In April 1959, plaintiff filed its intangible property tax return. In this return it listed Class A intangibles for assessment in the amount of $71,890 and Class B intangibles in the amount of $30,000. In its return the plaintiff showed that it owned stock in foreign corporations in the amount of $2,068,070. It showed also that it owned cash in banks outside Nebraska in the amount of $1,966,319. It further showed that it owned gross bills and accounts receivable in the amount of $2,323,664 and bills payable in the amount of $2,204,865. On November 2, 1959, plaintiff paid the taxes levied on the *712 amounts of Class A and Class B intangibles returned by it for taxation.

The record shows that the board of equalization of Douglas County took no action upon plaintiff’s return during its regular session ending on June 26, 1959. After notice and hearing, the board of equalization on November 17, 1959, raised plaintiff’s Class A intangibles from $71,890 to $4,361,875, and its Class B intangibles from $30,000 to $2,098,070 for taxation purposes for 1959. Plaintiff appealed to the district court, where the increased valuation was sustained in part. An appeal was thereupon taken to this court.

It is the contention of the plaintiff that the county board of equalization was without authority to raise plaintiff’s intangible property valuations on November 17, 1959, for the reason that the increase in value was not the result of omitted or undervalued property within the meaning of section 77-1502, R. R. S. 1943. This contention is without merit. While it is true that plaintiff disclosed the ownership of the intangibles in question, it did not return them for taxation purposes. It in fact specifically excluded them as taxable items. This brings it within the meaning of omitted or undervalued property contained in section 77-1502, R. R. S. 1943.

The primary contention made by the plaintiff is that shares of stock in corporations foreign to Nebraska, bank deposits outside of Nebraska, and bills and accounts receivable arising from business transactions outside of Nebraska, are not taxable in this state. In this respect the record shows that plaintiff is a Delaware corporation with its business headquarters in Omaha, Nebraska. It carries on a general contracting business in many states and in many foreign countries. It owns stock in 7 corporations organized or domesticated in this state which are taxed in the normal manner and are not involved in this litigation. It owns stock in 21 subsidiary or affiliated corporations in other states and Canada. In three of these subsidiary or affiliated companies, plain *713 tiff does not exercise business control at Omaha and with trivial exceptions their activities are outside of Nebraska.
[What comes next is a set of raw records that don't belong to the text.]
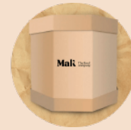
Octo bin 1.000kg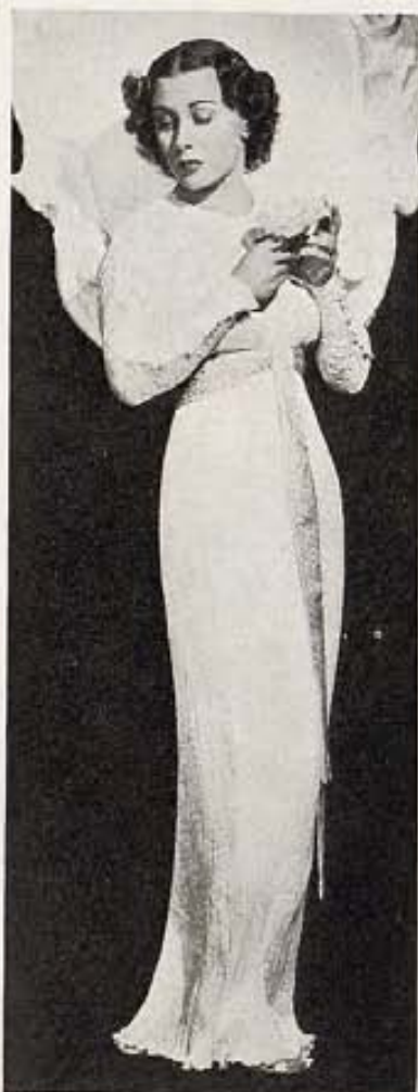
La bella diva de Paramount, Gladys Swarthout, es una favorita de los amantes de la música. Gladys debutó en "Rose of the Rancho" y acaba de terminar "Give Us This Night."

Reg. U. S. Patent Office Member Audit Bureau of Circulations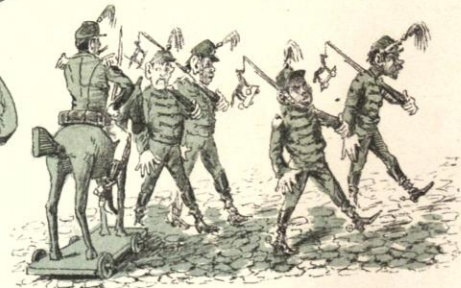
Caballeria... de á pié, Solo por aqui se vé.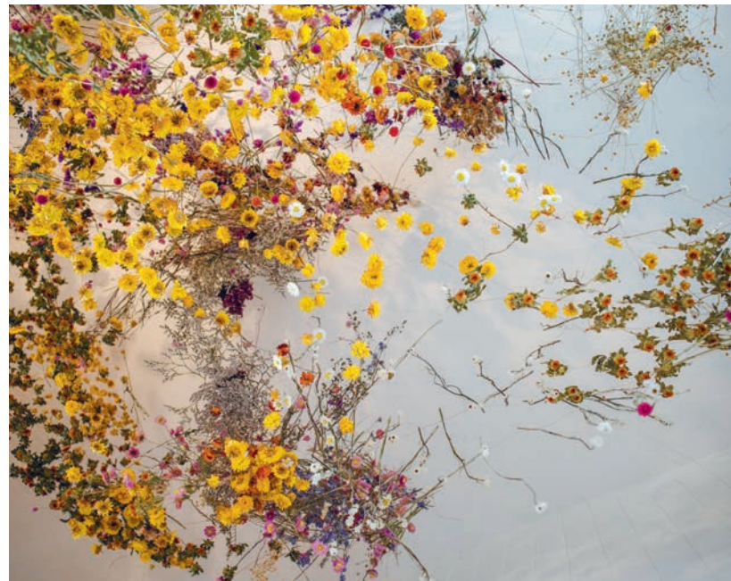
Rebecca Louise Law, Yellow , 2016

TORS DAG 22. FEBRUAR KL 17 FORFATTERAFTEN HANNE-VIBEKE HOLST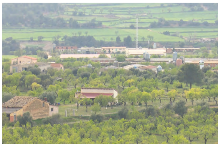
Esta modificación implica una mayor exigencia e intensifica el control. NDM

Una de las principales objeciones que presentaron es la falta de análisis en las aguas, consideran que se podría haber catalogado la zona de manera generalista sin haber realizado análisis ni seguimiento concreto de las aguas de cada localidad. No obstante, desde el Gobierno de Aragón entienden que se tienen que incluir todos los municipios porque la contaminación afecta a toda la "masa de agua", hecho que perjudica a los municipios con menos explotaciones agrícolas. En este sentido, también se han incluido localidades vecinas como por ejemplo Fabara, Maella y Nonaspe, por donde también discurre el río Matarranya. Hay que señalar que la cuenca del río Algars ha quedado excluida de la catalogación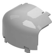
Vertical Externa 90°

The office at Omaha does the accounting for all subsidiary and affiliated companies except one in New York and two in Canada. The plaintiff handles the financing of these companies, although but 5 percent to 10 percent of its business is carried on in Nebraska. The subsidiary and affiliated companies were organized for special purposes in carrying out plaintiff’s operations and, undoubtedly, to provide tax benefits under existing federal revenue laws. The stock certificates in the subsidiary and affiliated corporations were kept in a safety deposit box in Council Bluffs, Iowa, a point just across the Missouri River from Omaha. There is no evidence that these stock certificates are taxed by the State of Iowa.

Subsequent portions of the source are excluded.